> **Exercise details**: No picture should appear in the copy. Transcribe exactly, and only, the lines from the one with "escucha esta historia." through the last line of the data below.

> **Records from a data source**:
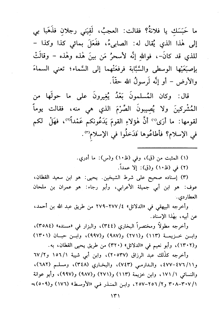 مَا حَبَسَكِ يَا فُلَانَةُ؟ فَقَالَتْ: الْعَجَبُ لَقِيَنِي رَجُلَانِ فَذَهَبَا بِي إِلَى هَذَا الَّذِي يُقَالُ لَهُ الصَّابِئُ فَفَعَلَ بِمَائِي كَذَا وَكَذَا، لِلَّذِي قَدْ كَانَ، فَوَاللهِ إِنَّهُ لَأَسْحَرُ مَنْ بَيْنَ هَذِهِ وَهَذِهِ وَقَالَتْ بِأُصْبُعَيْهَا الْوُسْطَى وَالسَّبَّابَةِ، فَرَفَعَتْهُمَا إِلَى السَّمَاءِ، تَعْنِي السَّمَاءَ وَالْأَرْضَ، أَوْ إِنَّهُ لَرَسُولُ اللهِ حَقًّا قَالَ: وَكَانَ الْمُسْلِمُونَ بَعْدُ يُغِيرُونَ عَلَى مَا حَوْلَهَا مِنَ الْمُشْرِكِينَ، وَلَا يُصِيبُونَ الصِّرْمَ الَّذِي هِيَ مِنْهُ فَقَالَتْ: يَوْمًا لِقَوْمِهَا مَا أَرَى (١) أَنَّ هَؤُلَاءِ الْقَوْمَ يَدَعُونَكُمْ عَمْدًا (٢) ؟ فَهَلْ لَكُمْ فِي الْإِسْلَامِ؟ فَأَطَاعُوهَا فَدَخَلُوا فِي الْإِسْلَامِ (٣)
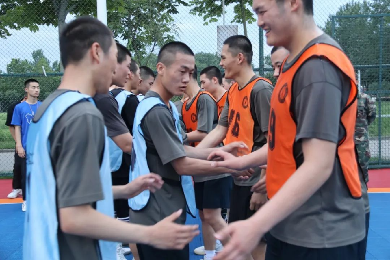 背后运球、转身过人、急停跳投、盖帽断球、贴身防守、突破分球,赢得场边观众的阵阵欢呼声。学员们在激烈的比赛中,以球会友,增进彼此友谊。
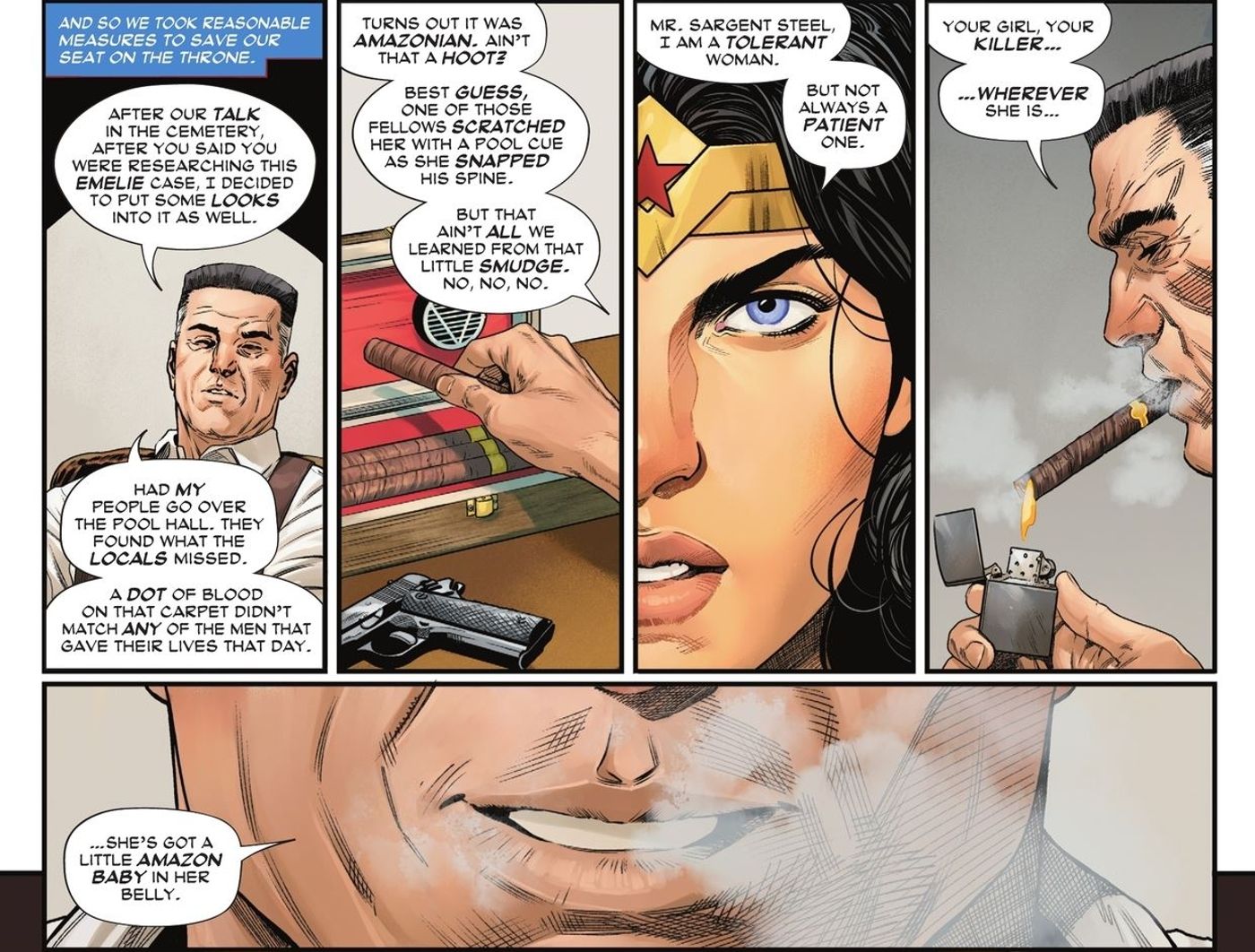 “/> Wonder Woman se reúne con Sarge Steel para descubrir qué sabe sobre la antigua rival de Diana, Amazon Emelie. Después de un breve enfrentamiento, Steel cede y revela un informe médico. Una muestra de sangre recuperada de los asesinatos en el salón de billar resultó ser la de Emelie. la sangre también reveló que Emelie está embarazadaun giro que sorprende a Trinity mientras escucha esta historia.
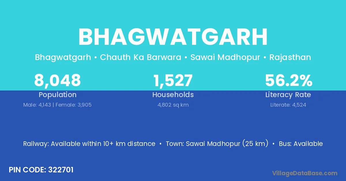Sawai Madhopur (25 km) is the nearest town to Bhagwatgarh village for major economic activities and is located approximately 25 km away.
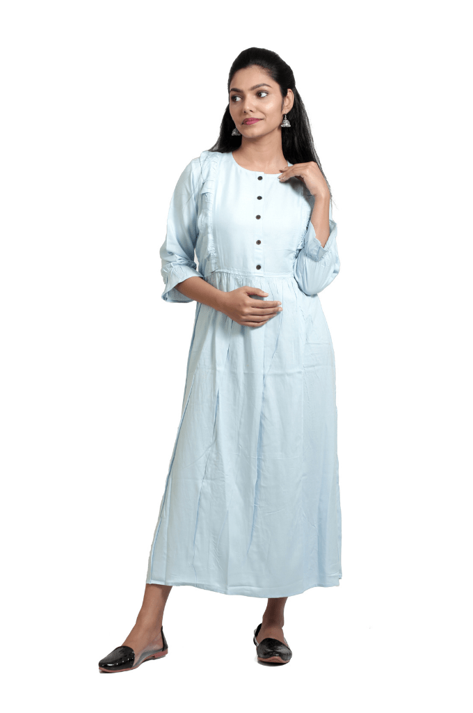 - A contemporary long dress with stylized ruffled yoke and front open plain light blue color long top.
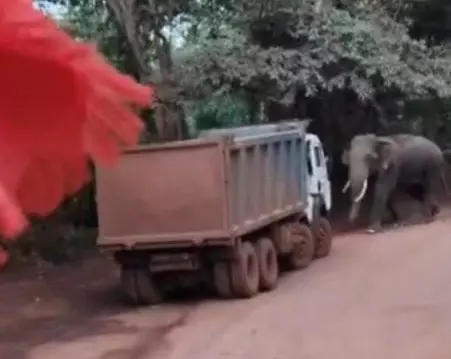 हाथी का आतंक, ट्रक ड्राइवर ने रिवर्स कर बचाई जान
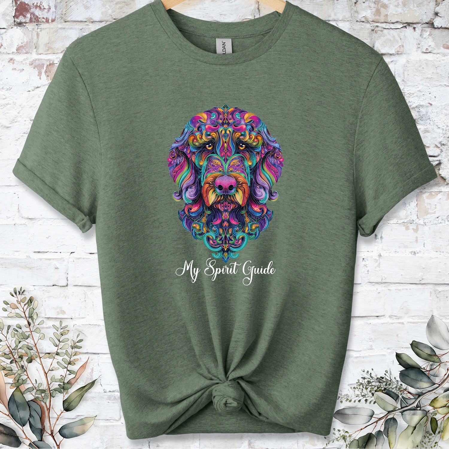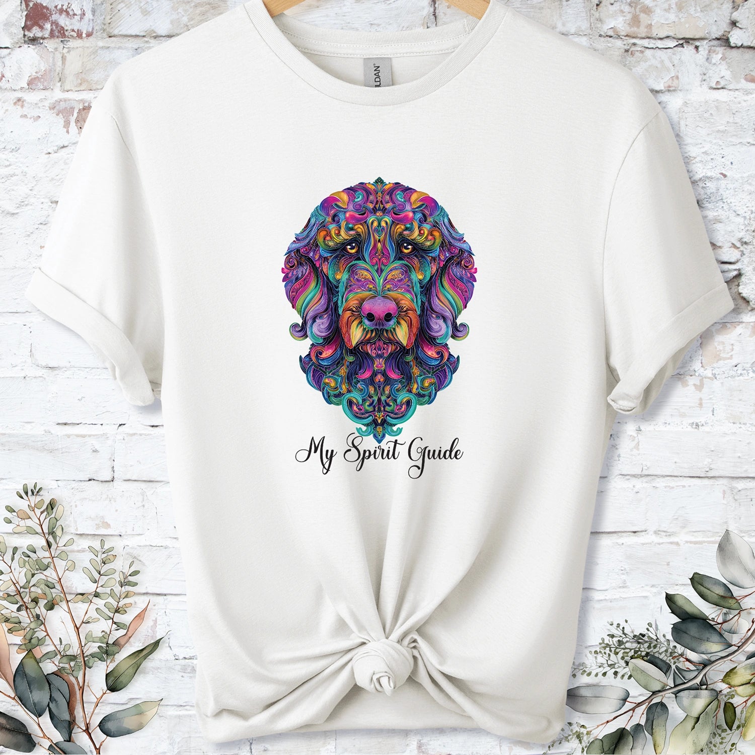 Celebrate the magical bond you share with your Labradoodle with this vibrant “My Spirit Guide” T-shirt. Featuring an intricate, colourful artistic design, this tee captures the intelligence, loyalty, and soulful presence of the Labradoodle in stunning detail.

> **Solution to this exercise**:
 “/> Wonder Woman se reúne con Sarge Steel para descubrir qué sabe sobre la antigua rival de Diana, Amazon Emelie. Después de un breve enfrentamiento, Steel cede y revela un informe médico. Una muestra de sangre recuperada de los asesinatos en el salón de billar resultó ser la de Emelie. la sangre también reveló que Emelie está embarazadaun giro que sorprende a Trinity mientras escucha esta historia.
Sawai Madhopur (25 km) is the nearest town to Bhagwatgarh village for major economic activities and is located approximately 25 km away.
 - A contemporary long dress with stylized ruffled yoke and front open plain light blue color long top.
 हाथी का आतंक, ट्रक ड्राइवर ने रिवर्स कर बचाई जान
 Celebrate the magical bond you share with your Labradoodle with this vibrant “My Spirit Guide” T-shirt. Featuring an intricate, colourful artistic design, this tee captures the intelligence, loyalty, and soulful presence of the Labradoodle in stunning detail.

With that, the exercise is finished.